■ YOUR INSTRUCTIONS
In the records below, the lines between the one holding "Beautiful purple flowers" and the one holding "The landscape artwork", inclusive, are to be transcribed exactly; no pictures are to be included.

■ RECORDS FOR THIS EXERCISE

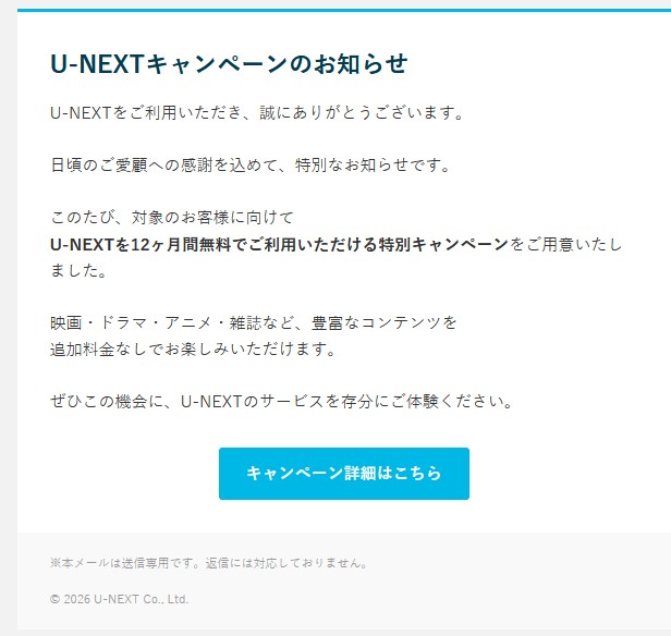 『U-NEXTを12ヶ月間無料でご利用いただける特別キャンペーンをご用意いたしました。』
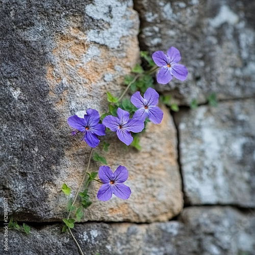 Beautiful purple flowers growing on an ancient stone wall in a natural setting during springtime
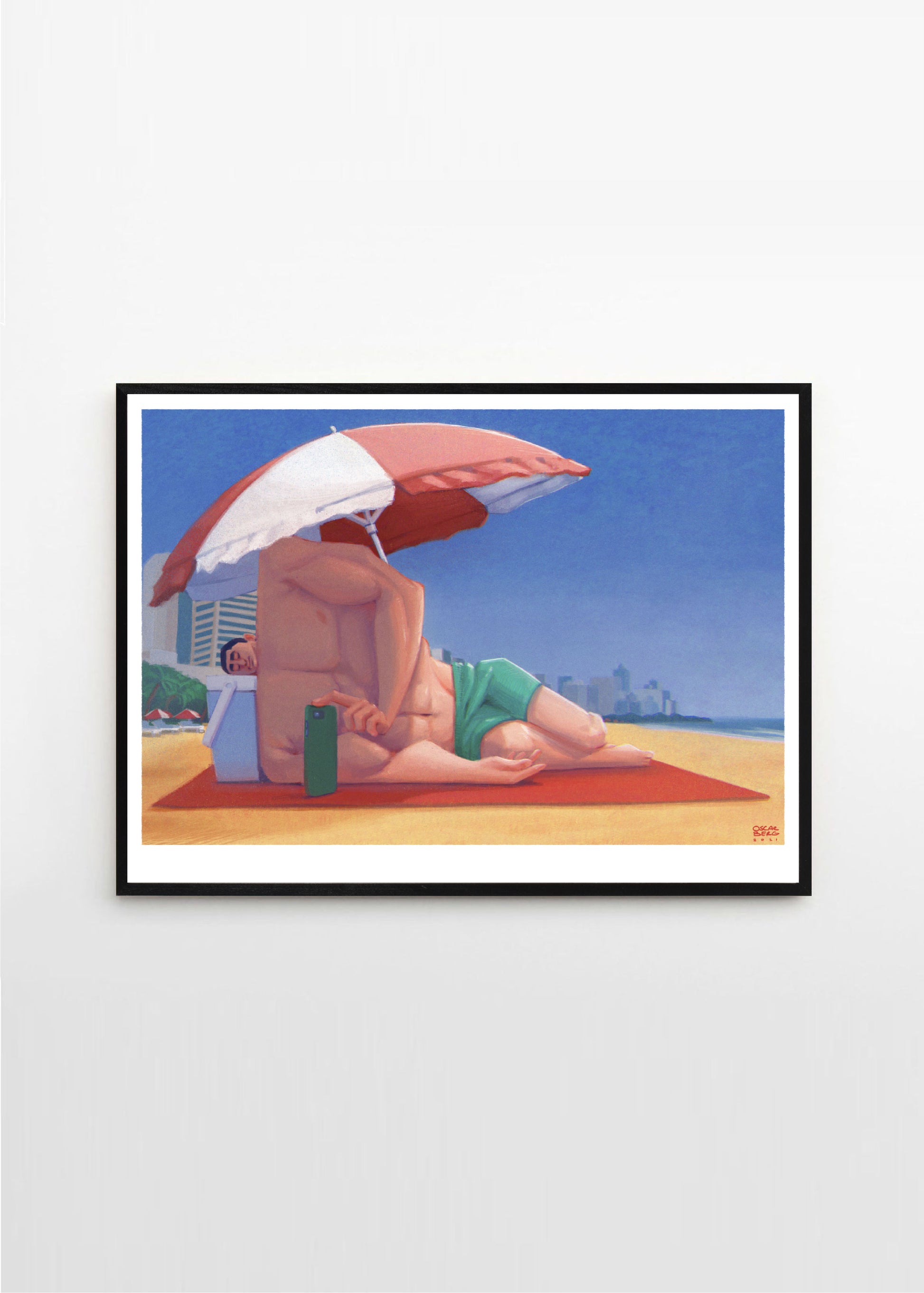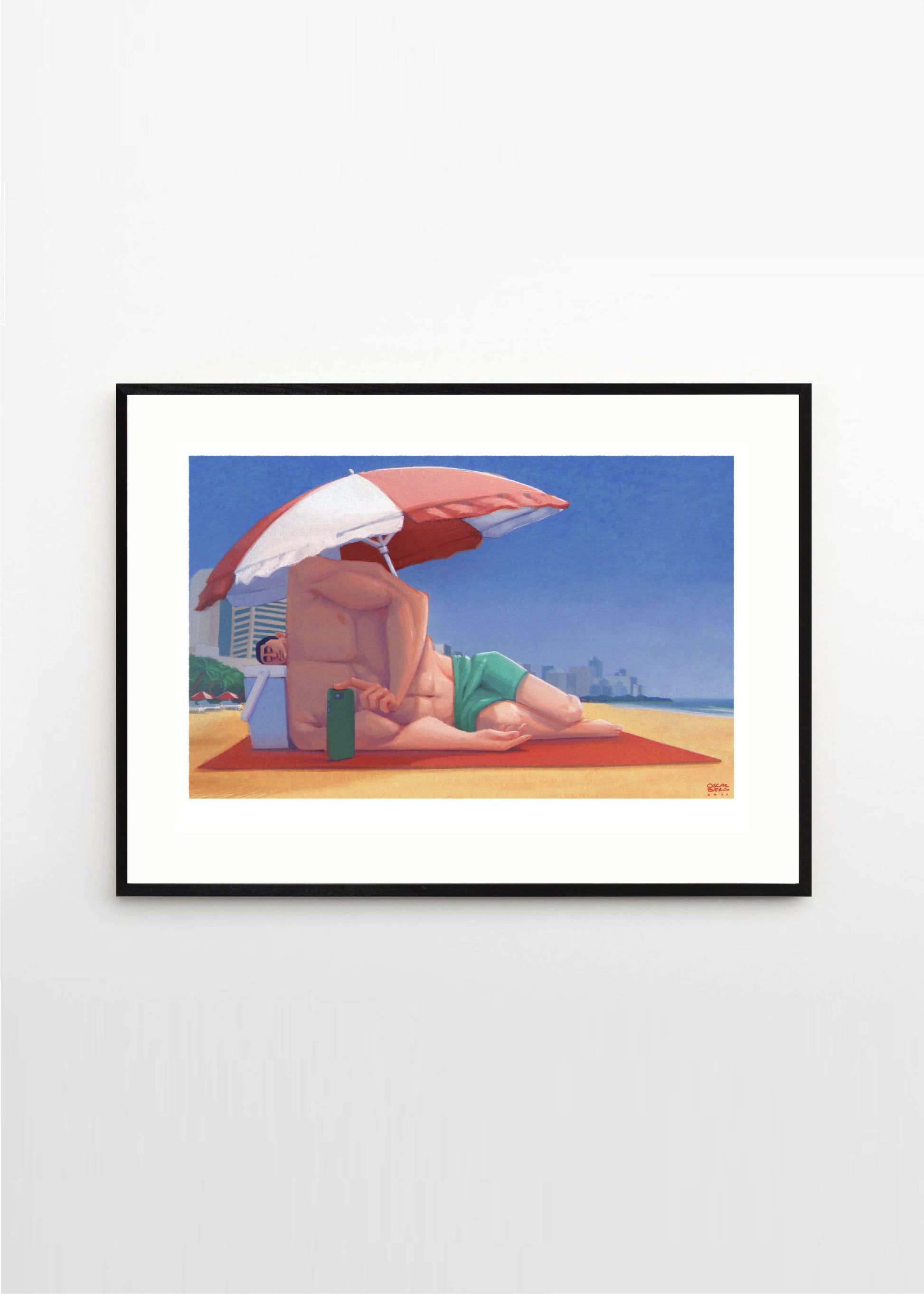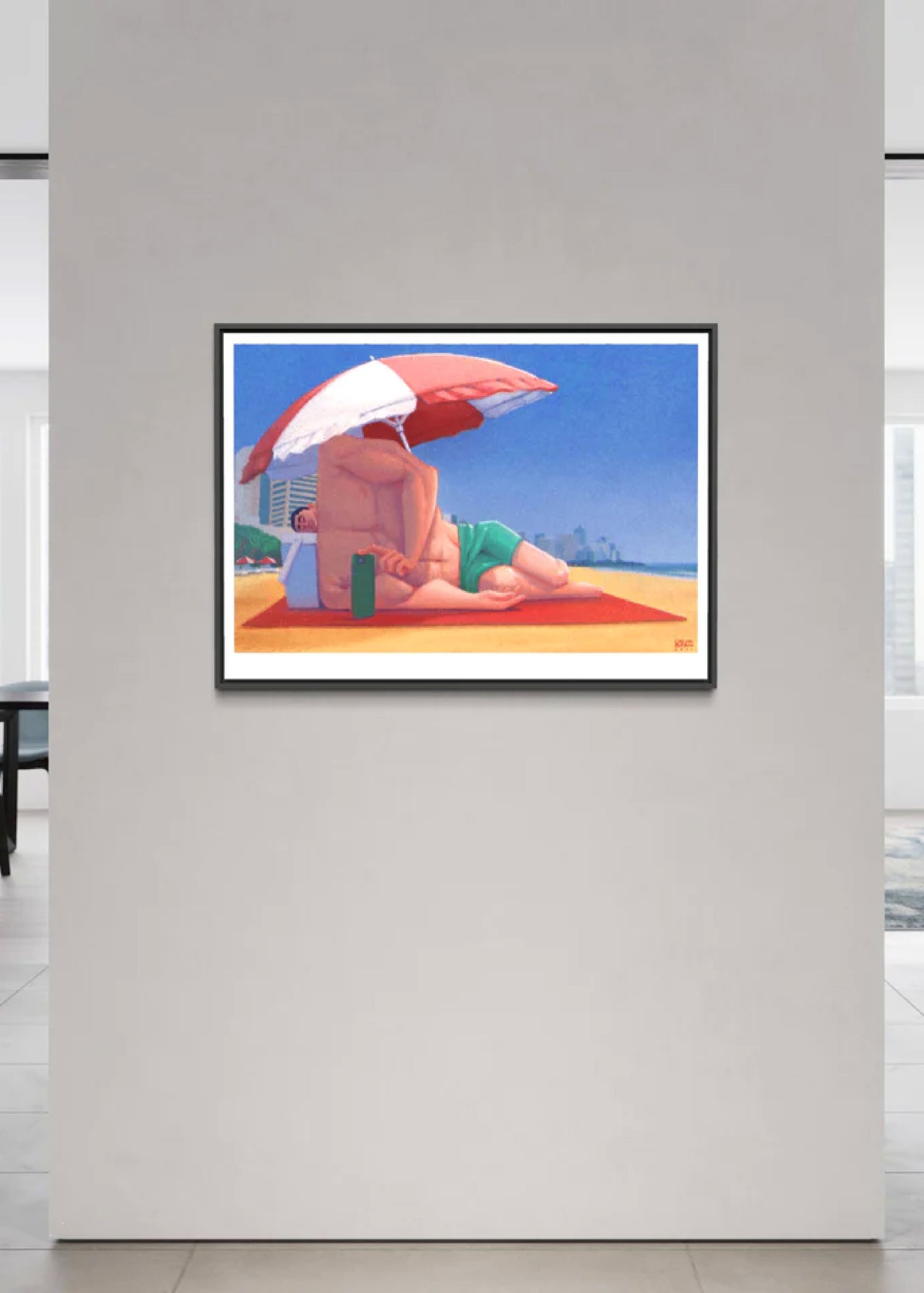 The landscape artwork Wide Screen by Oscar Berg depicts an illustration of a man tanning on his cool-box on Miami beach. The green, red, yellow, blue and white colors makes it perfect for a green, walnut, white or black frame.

--

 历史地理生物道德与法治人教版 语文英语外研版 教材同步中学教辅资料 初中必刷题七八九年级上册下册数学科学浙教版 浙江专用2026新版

■ SOLUTION
 Beautiful purple flowers growing on an ancient stone wall in a natural setting during springtime
 The landscape artwork Wide Screen by Oscar Berg depicts an illustration of a man tanning on his cool-box on Miami beach. The green, red, yellow, blue and white colors makes it perfect for a green, walnut, white or black frame.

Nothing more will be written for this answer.